[OSM-dev] Problems with Planet-Excerpt Import into apidb

Fri May 22 15:53:04 BST 2009

Hi,

Am Fr, 22. Mai 2009 schrieb Brett Henderson:
> Holger Schöner wrote:
> > Okay, now the import of Europe (still the same data of about two weeks
> > ago) worked at least until before copying the data into the current
> > tables. Because this copying took forever again, I am now going to try
> > it without first running the second part of the setup scripts (creation
> > of keys and indexes).
[...]
> Let us know how you go.  If you come up with a good sequence of steps to
> follow we can document it as notes to the --write-apidb task on the
> osmosis detailed usage page.
> http://wiki.openstreetmap.org/wiki/Osmosis/DetailedUsage#--write-apidb_.2
>8--wd.29

I have now succeeded in importing the Europe extract (I think at least, I 
have not used it for anything ...).
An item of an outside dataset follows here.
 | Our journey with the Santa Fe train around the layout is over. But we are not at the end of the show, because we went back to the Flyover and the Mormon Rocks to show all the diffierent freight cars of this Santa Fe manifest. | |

If my further usage of the database is 
going to work well and nobody has objections or knows a better way, I can 
put the steps into the wiki. The sequence of steps I used is (altogether 
taking about one and a half days, with breaks when I was not at the 
computer):

- Create db:
  sudo -u postgres createdb -E UTF8 -O <pguser> <dbname>

- Load first part of db schema into db (containing everything up to the
  last COPY statement):
  psql -d <dbname> -f apidb06-pgsql-latest-1.sql

- Import into history tables (one line ...):
  bzcat <osmdata>.osm.bz2 | JAVACMD_OPTIONS='-Xmx1536m' osmosis --read-
xml-0.6 file=/dev/stdin --write-apidb-0.6 lockTables=yes 
populateCurrentTables=no validateSchemaVersion=no database=<dbname>

- Copy  into current tables (e.g. in psql command line; is this the same
  osmosis is doing with the populateCurrentTables=yes option?):
  INSERT INTO current_nodes (id, latitude, longitude, changeset_id, visible, 
timestamp, tile, version) SELECT id, latitude, longitude, changeset_id, 
visible, timestamp, tile, version FROM nodes;
  INSERT INTO current_node_tags (id, k, v) SELECT id, k, v FROM node_tags;
  INSERT INTO current_relations (id, changeset_id, timestamp, visible, 
version) SELECT id, changeset_id, timestamp, visible, version FROM 
relations;
  INSERT INTO current_relation_tags (id, k, v) SELECT id, k, v FROM 
relation_tags;
  INSERT INTO current_relation_members (id, member_id, member_role, 
member_type, sequence_id) SELECT id, member_id, member_role, member_type, 
sequence_id FROM relation_members;
  INSERT INTO current_ways (id, changeset_id, timestamp, visible, version) 
SELECT id, changeset_id, timestamp, visible, version FROM ways;
  INSERT INTO current_way_tags (id, k, v) SELECT id, k, v FROM way_tags;
  INSERT INTO current_way_nodes (id, node_id, sequence_id) SELECT id, 
node_id, sequence_id FROM way_nodes;

- Create keys and indexes (everything after the last COPY statement):
  psql -d <dbname> -f apidb06-pgsql-latest-2.sql       

> I'd like to create a new task that creates PostgreSQL COPY files instead
> of talking directly to the db.  These are typically a much faster way of
> doing bulk imports.  But I won't get to it for a while.

This sounds to be a really good idea, although I do not have enough 
experience with postgresql to really know.

-- 
Holger Schoener		numenor at ancalime.de